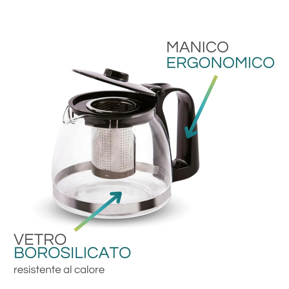 Teiera in vetro con infusore, coperchio e filtro estraibile - Misura 11x10 cm e Capacità 700 ml - Teiera in vetro da fuoco adatta per piano cottura
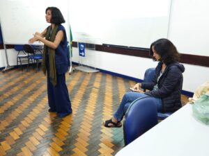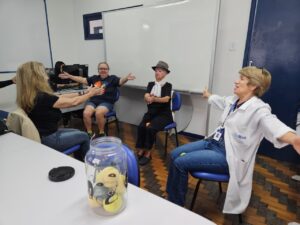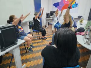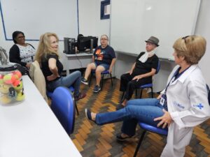 Ao final das atividades físicas, a fisioterapeuta promoveu uma conversa aberta, esclarecendo dúvidas e abordando como os exercícios podem ser aplicados na rotina diária. Essa troca contribuiu para conscientizar o grupo sobre a importância do autocuidado e da manutenção de hábitos saudáveis.
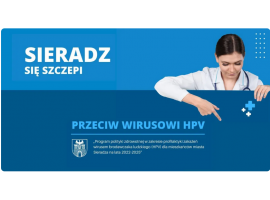Prezydent Miasta Sieradza zaprasza na BEZPŁATNE szczepienia ochronne przeciwko wirusowi HPV. Szczepienia realizowane w 2024 roku są częścią "Programu polityki zdrowotnej w zakresie profilaktyki zakażeń wirusem brodawczaka ludzkiego (HPV12)" dla mieszkańców miasta Sieradza na lata 2022 - 2025".
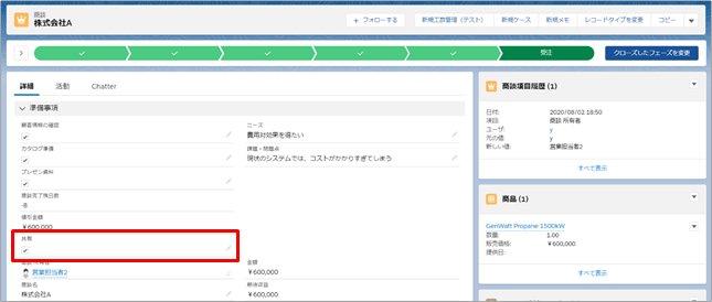 株式会社Aの商談レコードの共有項目にチェックを入れます。
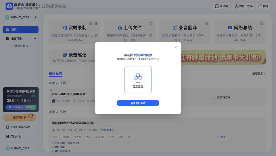 5. 多平台同步超方便:网页版适合在公司用(开电脑面),APP适合外出用(手机面),云端存储不用担心文件丢了,我上周在公司用网页版录了2个面试,回家用APP接着整理,完全同步。
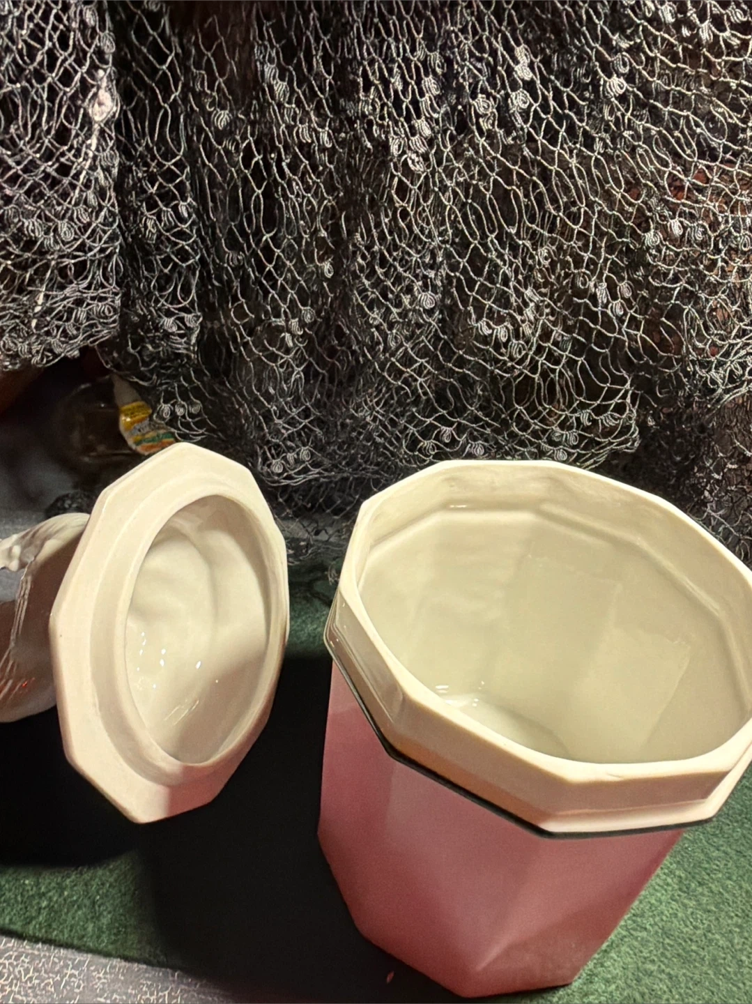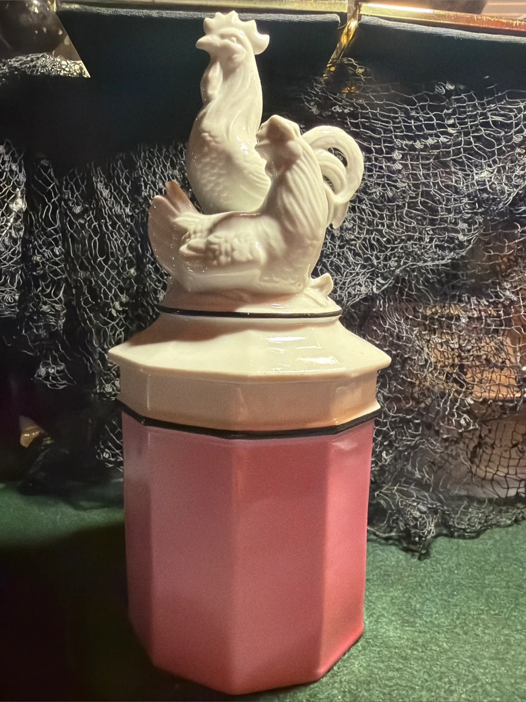 This is a vintage ceramic jar featuring a decorative rooster lid. It's a charming piece for kitchen or home decor. The jar is pink with a white lid and topper.
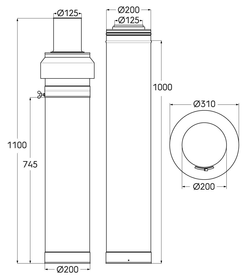 Kit 3CEp de toiture D125/200mm PPtl/acier haut.2500mm avec terminal noir
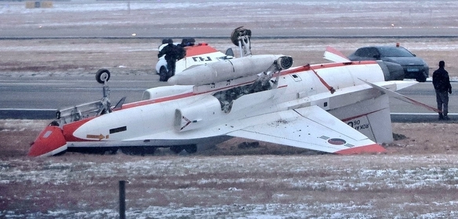 [TV서울=박양지 기자] 2일 광주 광산구 광주공항 활주로에 공군 훈련기 T-50이 전복돼 있다.

# What to work on:
Take the line that contains "5. 多平台同步超方便:网页" as the first and the last line of the records as the end, and please quote those lines exactly, pictures omitted.

# Task output:
 5. 多平台同步超方便:网页版适合在公司用(开电脑面),APP适合外出用(手机面),云端存储不用担心文件丢了,我上周在公司用网页版录了2个面试,回家用APP接着整理,完全同步。
 This is a vintage ceramic jar featuring a decorative rooster lid. It's a charming piece for kitchen or home decor. The jar is pink with a white lid and topper.
 Kit 3CEp de toiture D125/200mm PPtl/acier haut.2500mm avec terminal noir
 [TV서울=박양지 기자] 2일 광주 광산구 광주공항 활주로에 공군 훈련기 T-50이 전복돼 있다.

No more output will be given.